The Fifth Season
You step onto the rough wooden platform outside your door and squint down over its completely inadequate safety railing. Whatever the hour, it seems there are several dozen people going about their business on the ground below. Well, you need to know more about this comm, anyway. Before you destroy it, that is, if they really try to stop you from leaving.
(You ignore the small voice in your head that whispers, Ykka is a rogga, too. Will you really fight her?)
(You’re pretty good at ignoring small voices.)

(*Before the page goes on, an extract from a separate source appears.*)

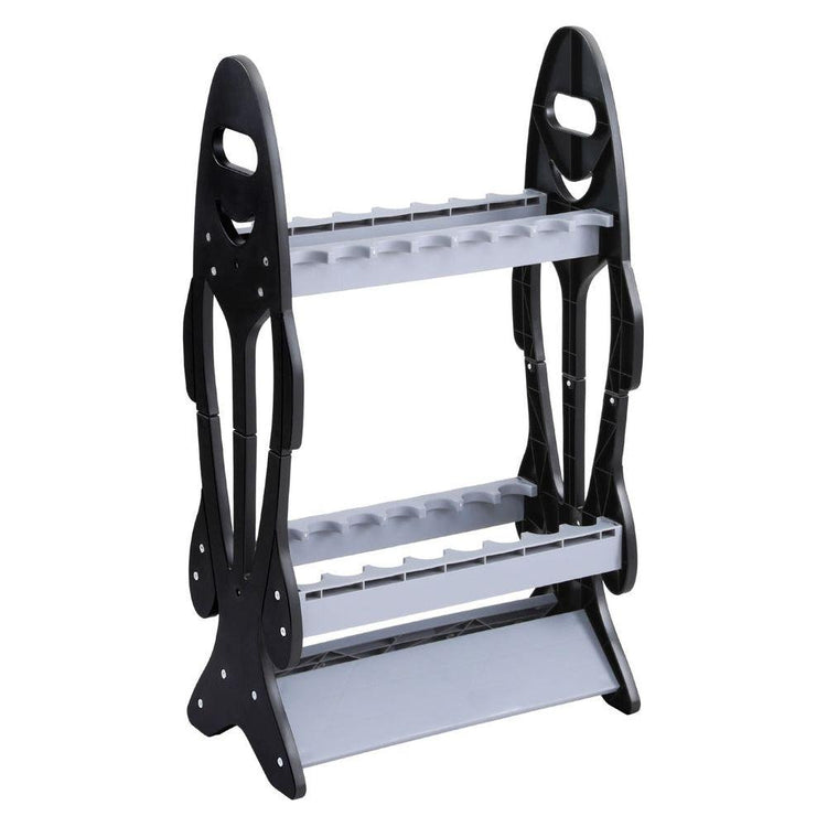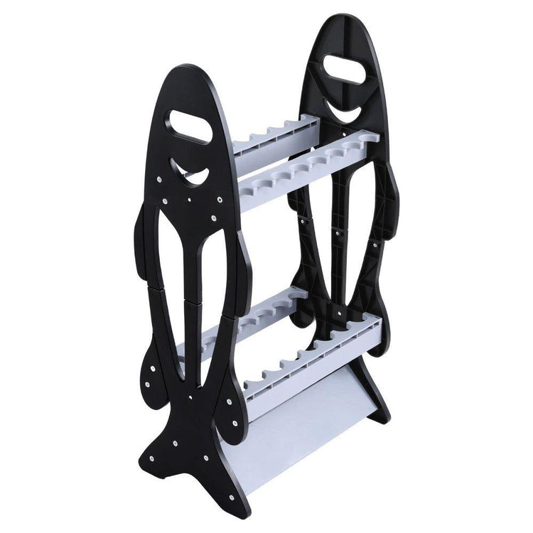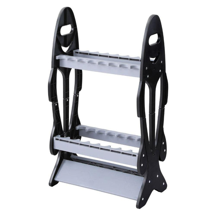 Double-sided stand holds 8 rods per side
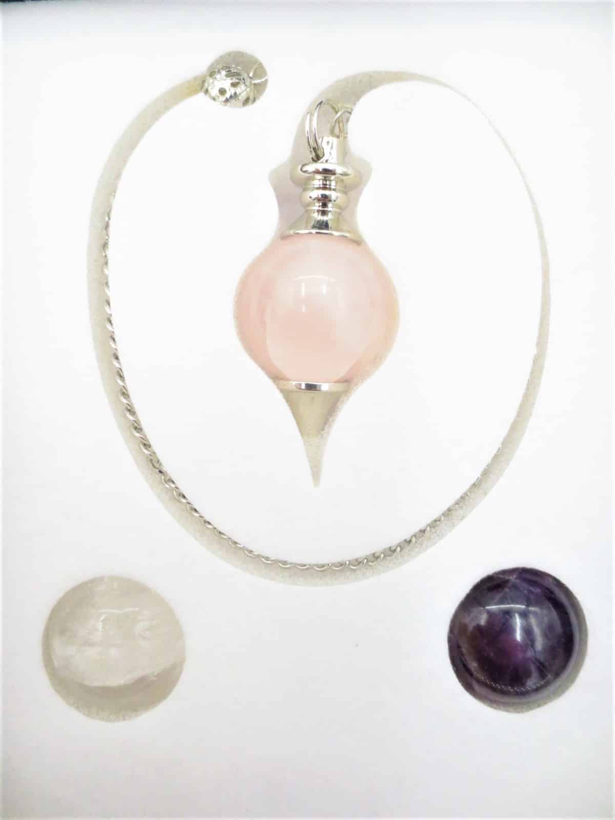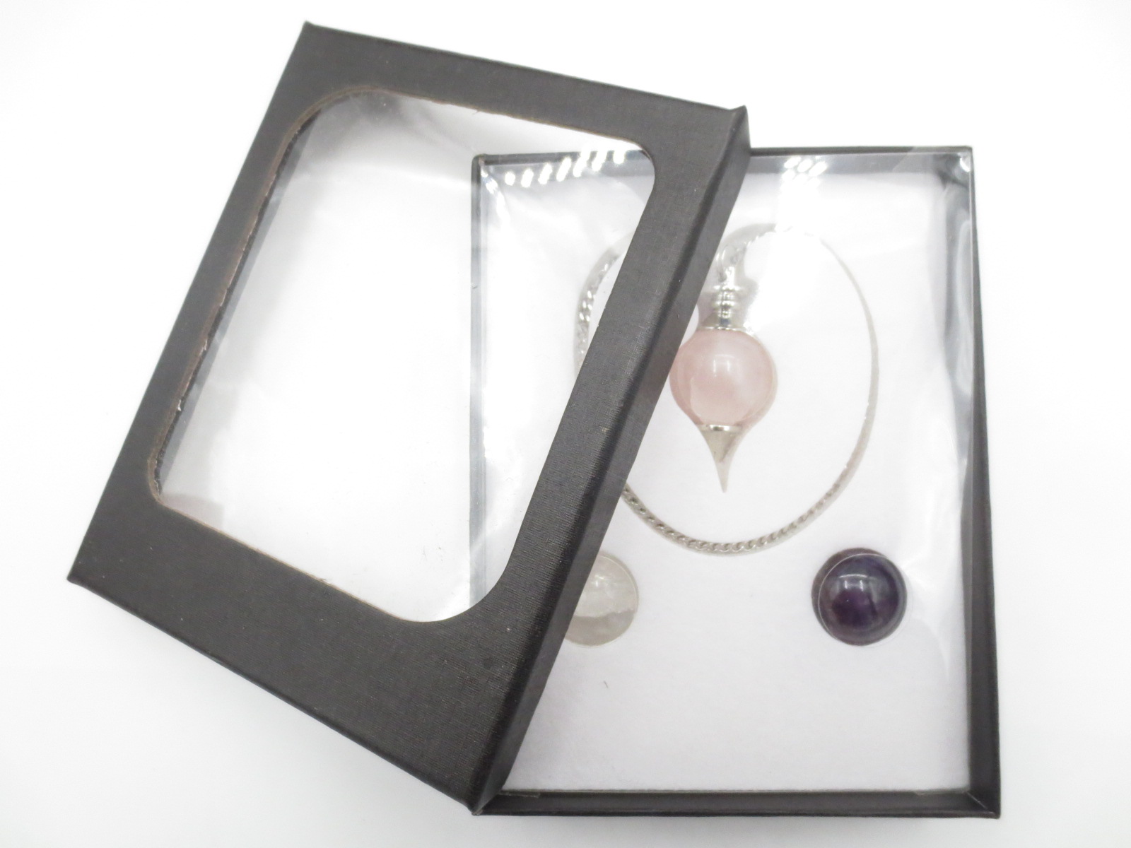 This elegant gemstone pendulum set features ball-shaped pendants made from rose quartz, amethyst, and gold tiger’s eye. Each crystal is believed to carry healing properties and positive energy. Beautifully packaged in a gift box, this set is perfect for spiritual jewelry lovers, thoughtful gifts, or personal energy balancing.

Figuring out how to reach the ground level is difficult, at first, because all the platforms and bridges and stairways of the place are built to connect the crystals. The crystals go every which way, so the connections do, too. There’s nothing intuitive about it. You have to follow one set of stairs up and walk around one of the wider crystal shafts in order to find another set of stairs that goes down—only to find that they end on a platform with no steps at all, which forces you to backtrack. There are a few people out and about, and they look at you with curiosity or hostility in passing, probably because you’re so obviously new in town: They’re clean and you’re gray with road ash. They look well fleshed, and your clothes hang off your body because you’ve done nothing but walk and eat travel rations for weeks. You cannot help resenting them on sight, so you get stubborn about asking for directions.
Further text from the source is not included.